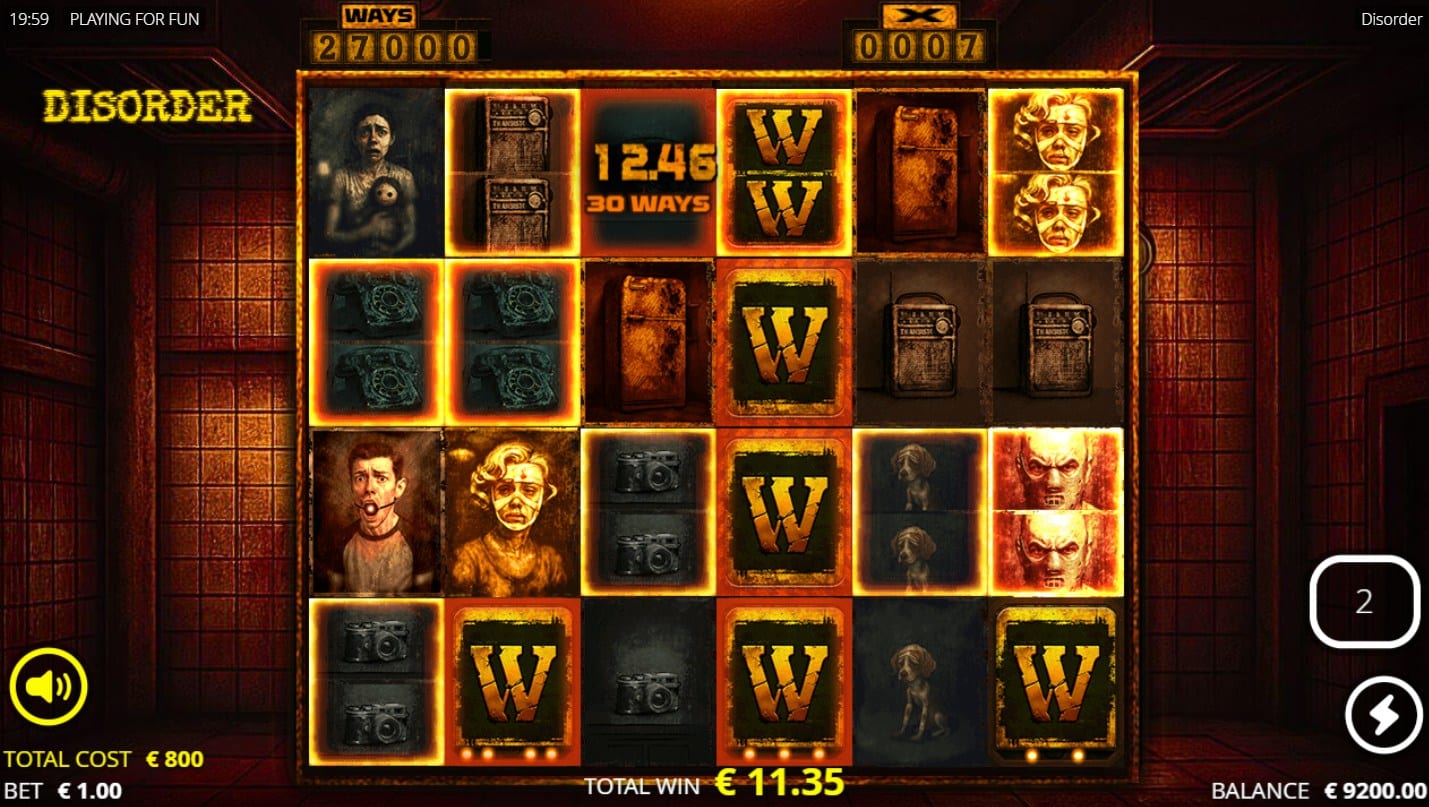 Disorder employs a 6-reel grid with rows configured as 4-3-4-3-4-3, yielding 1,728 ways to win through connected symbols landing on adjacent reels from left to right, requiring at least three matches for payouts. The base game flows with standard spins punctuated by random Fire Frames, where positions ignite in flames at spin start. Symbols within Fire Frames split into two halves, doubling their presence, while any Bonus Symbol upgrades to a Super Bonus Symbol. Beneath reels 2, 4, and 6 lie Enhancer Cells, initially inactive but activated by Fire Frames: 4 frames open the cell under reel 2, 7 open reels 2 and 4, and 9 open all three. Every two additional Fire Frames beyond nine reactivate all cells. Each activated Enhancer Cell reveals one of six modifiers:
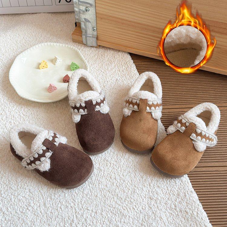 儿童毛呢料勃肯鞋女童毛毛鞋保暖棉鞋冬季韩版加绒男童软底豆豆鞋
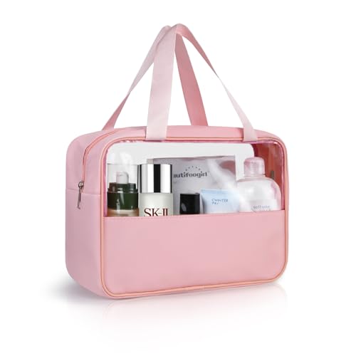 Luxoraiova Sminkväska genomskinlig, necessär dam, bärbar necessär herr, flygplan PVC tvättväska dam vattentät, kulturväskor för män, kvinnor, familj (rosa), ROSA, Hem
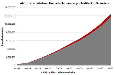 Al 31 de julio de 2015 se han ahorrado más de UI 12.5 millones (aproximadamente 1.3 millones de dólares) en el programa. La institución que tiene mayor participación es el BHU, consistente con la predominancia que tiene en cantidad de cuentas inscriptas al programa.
______________________________
Task objective >>
Only the lines from the line with "儿童毛呢料勃肯鞋女童毛毛鞋保暖棉鞋冬季韩版加绒男童软底豆豆鞋" to the bottom of the material above should be reproduced, exactly and without pictures.

Exercise solution >>
 儿童毛呢料勃肯鞋女童毛毛鞋保暖棉鞋冬季韩版加绒男童软底豆豆鞋
 Luxoraiova Sminkväska genomskinlig, necessär dam, bärbar necessär herr, flygplan PVC tvättväska dam vattentät, kulturväskor för män, kvinnor, familj (rosa), ROSA, Hem
 Al 31 de julio de 2015 se han ahorrado más de UI 12.5 millones (aproximadamente 1.3 millones de dólares) en el programa. La institución que tiene mayor participación es el BHU, consistente con la predominancia que tiene en cantidad de cuentas inscriptas al programa.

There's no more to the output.